Man, I don't have a lot of deck space left, and I haven't even got it wet yet! But, that's where the fun is.
Sorry, a couple of lakes I fish can drop off into 60+ FOW close to shore. It would be a bit of a chore to let out the anchor and retrieve it, not to mention having to calculate where to drop anchor to allow you to drift into a stable location near your target (trigonometry).
I'd rather just drift and paddle back. Few times I actually need to anchor to fish and those are shallow water situations (beds, lily pads, lay downs) where I can use my PP.
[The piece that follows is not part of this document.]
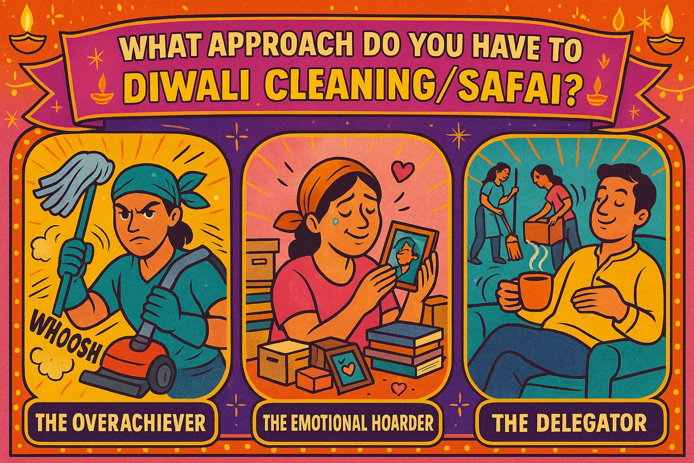 DIWALI festival se pehle sabse bada ritual hota hai — safai. Aur har ghar mein koi na koi drama zaroor hota hai! Aries ke liye Diwali cleaning ek sprint race hoti hai, Taurus log har shelf ko spa treatment dete hain, aur Gemini halfway pe Netflix chalu kar dete hain. Virgo ka toh OCD mode full-on hota hai, aur Pisces log sentimentally purani magazine padte rehte hain. Dekhein aapka zodiac kis safai category mein aata hai — cleanliness ke champion ya certified procrastinator?

I fish some very similar glacial lakes, and this is one of the reasons I actually like the swing. Allows me to cover a bit more water when anchoring on a location. You can also use the resistance of a diving crank bait to position the boat or even affect your drift.
I use a folding wade staff as a stake out poll in my anchor trolly. I use my paddle that stays across my lap to position. Often I sit on top of lilly pads.
I have anchor trolleys on the port and starboard sides on both my Lures and use a 5 pound claw anchor. I choose which side to anchor from depending on wind direction and what shoreline I'm fishing.
Thanks, DB. I debated 1 or 2 trolleys. Starting with one and will see how that works. Hoping I can afix my one to both the bow and stern, right at the very end so.